What to produce:
Without changing a character, output all of the records.

====

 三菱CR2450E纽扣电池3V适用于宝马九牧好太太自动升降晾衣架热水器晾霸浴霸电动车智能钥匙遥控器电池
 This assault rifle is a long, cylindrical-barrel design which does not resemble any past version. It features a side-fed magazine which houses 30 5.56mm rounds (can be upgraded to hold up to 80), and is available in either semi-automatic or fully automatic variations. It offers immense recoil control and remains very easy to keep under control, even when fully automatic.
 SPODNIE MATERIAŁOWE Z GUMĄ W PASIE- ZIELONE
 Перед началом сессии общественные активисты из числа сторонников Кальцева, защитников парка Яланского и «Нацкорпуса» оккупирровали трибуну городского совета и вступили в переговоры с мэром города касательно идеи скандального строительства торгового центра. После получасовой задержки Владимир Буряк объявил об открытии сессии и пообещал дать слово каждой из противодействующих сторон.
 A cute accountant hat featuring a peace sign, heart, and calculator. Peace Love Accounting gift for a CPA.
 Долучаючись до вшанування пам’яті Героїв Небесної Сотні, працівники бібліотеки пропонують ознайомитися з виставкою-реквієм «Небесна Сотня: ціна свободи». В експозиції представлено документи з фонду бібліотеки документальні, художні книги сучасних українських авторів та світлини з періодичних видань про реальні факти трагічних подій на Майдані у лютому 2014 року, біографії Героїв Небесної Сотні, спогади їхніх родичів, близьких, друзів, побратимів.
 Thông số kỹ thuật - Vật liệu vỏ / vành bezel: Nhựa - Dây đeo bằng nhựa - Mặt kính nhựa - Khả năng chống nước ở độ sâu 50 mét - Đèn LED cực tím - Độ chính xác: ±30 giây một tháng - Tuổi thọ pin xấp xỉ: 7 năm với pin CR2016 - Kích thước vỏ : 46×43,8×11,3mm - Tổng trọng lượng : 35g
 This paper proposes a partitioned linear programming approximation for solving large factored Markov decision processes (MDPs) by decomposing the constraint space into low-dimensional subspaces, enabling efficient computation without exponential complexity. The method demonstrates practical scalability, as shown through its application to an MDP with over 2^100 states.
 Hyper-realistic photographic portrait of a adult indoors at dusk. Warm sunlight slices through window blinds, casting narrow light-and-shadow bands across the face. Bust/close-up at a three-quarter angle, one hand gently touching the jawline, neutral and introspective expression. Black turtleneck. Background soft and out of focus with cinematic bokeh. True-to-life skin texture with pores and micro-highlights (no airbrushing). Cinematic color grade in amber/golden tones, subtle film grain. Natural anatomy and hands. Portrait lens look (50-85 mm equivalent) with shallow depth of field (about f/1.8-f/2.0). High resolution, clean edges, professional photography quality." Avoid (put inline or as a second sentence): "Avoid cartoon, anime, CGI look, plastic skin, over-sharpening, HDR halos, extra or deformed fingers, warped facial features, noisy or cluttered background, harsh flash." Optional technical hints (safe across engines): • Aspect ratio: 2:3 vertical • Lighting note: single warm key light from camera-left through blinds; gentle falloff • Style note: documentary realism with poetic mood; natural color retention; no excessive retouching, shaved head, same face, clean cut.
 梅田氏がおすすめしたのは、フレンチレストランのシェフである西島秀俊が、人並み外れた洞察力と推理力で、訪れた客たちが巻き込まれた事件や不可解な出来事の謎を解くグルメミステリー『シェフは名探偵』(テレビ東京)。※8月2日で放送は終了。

====

Answer section:
 三菱CR2450E纽扣电池3V适用于宝马九牧好太太自动升降晾衣架热水器晾霸浴霸电动车智能钥匙遥控器电池
 This assault rifle is a long, cylindrical-barrel design which does not resemble any past version. It features a side-fed magazine which houses 30 5.56mm rounds (can be upgraded to hold up to 80), and is available in either semi-automatic or fully automatic variations. It offers immense recoil control and remains very easy to keep under control, even when fully automatic.
 SPODNIE MATERIAŁOWE Z GUMĄ W PASIE- ZIELONE
 Перед началом сессии общественные активисты из числа сторонников Кальцева, защитников парка Яланского и «Нацкорпуса» оккупирровали трибуну городского совета и вступили в переговоры с мэром города касательно идеи скандального строительства торгового центра. После получасовой задержки Владимир Буряк объявил об открытии сессии и пообещал дать слово каждой из противодействующих сторон.
 A cute accountant hat featuring a peace sign, heart, and calculator. Peace Love Accounting gift for a CPA.
 Долучаючись до вшанування пам’яті Героїв Небесної Сотні, працівники бібліотеки пропонують ознайомитися з виставкою-реквієм «Небесна Сотня: ціна свободи». В експозиції представлено документи з фонду бібліотеки документальні, художні книги сучасних українських авторів та світлини з періодичних видань про реальні факти трагічних подій на Майдані у лютому 2014 року, біографії Героїв Небесної Сотні, спогади їхніх родичів, близьких, друзів, побратимів.
 Thông số kỹ thuật - Vật liệu vỏ / vành bezel: Nhựa - Dây đeo bằng nhựa - Mặt kính nhựa - Khả năng chống nước ở độ sâu 50 mét - Đèn LED cực tím - Độ chính xác: ±30 giây một tháng - Tuổi thọ pin xấp xỉ: 7 năm với pin CR2016 - Kích thước vỏ : 46×43,8×11,3mm - Tổng trọng lượng : 35g
 This paper proposes a partitioned linear programming approximation for solving large factored Markov decision processes (MDPs) by decomposing the constraint space into low-dimensional subspaces, enabling efficient computation without exponential complexity. The method demonstrates practical scalability, as shown through its application to an MDP with over 2^100 states.
 Hyper-realistic photographic portrait of a adult indoors at dusk. Warm sunlight slices through window blinds, casting narrow light-and-shadow bands across the face. Bust/close-up at a three-quarter angle, one hand gently touching the jawline, neutral and introspective expression. Black turtleneck. Background soft and out of focus with cinematic bokeh. True-to-life skin texture with pores and micro-highlights (no airbrushing). Cinematic color grade in amber/golden tones, subtle film grain. Natural anatomy and hands. Portrait lens look (50-85 mm equivalent) with shallow depth of field (about f/1.8-f/2.0). High resolution, clean edges, professional photography quality." Avoid (put inline or as a second sentence): "Avoid cartoon, anime, CGI look, plastic skin, over-sharpening, HDR halos, extra or deformed fingers, warped facial features, noisy or cluttered background, harsh flash." Optional technical hints (safe across engines): • Aspect ratio: 2:3 vertical • Lighting note: single warm key light from camera-left through blinds; gentle falloff • Style note: documentary realism with poetic mood; natural color retention; no excessive retouching, shaved head, same face, clean cut.
 梅田氏がおすすめしたのは、フレンチレストランのシェフである西島秀俊が、人並み外れた洞察力と推理力で、訪れた客たちが巻き込まれた事件や不可解な出来事の謎を解くグルメミステリー『シェフは名探偵』(テレビ東京)。※8月2日で放送は終了。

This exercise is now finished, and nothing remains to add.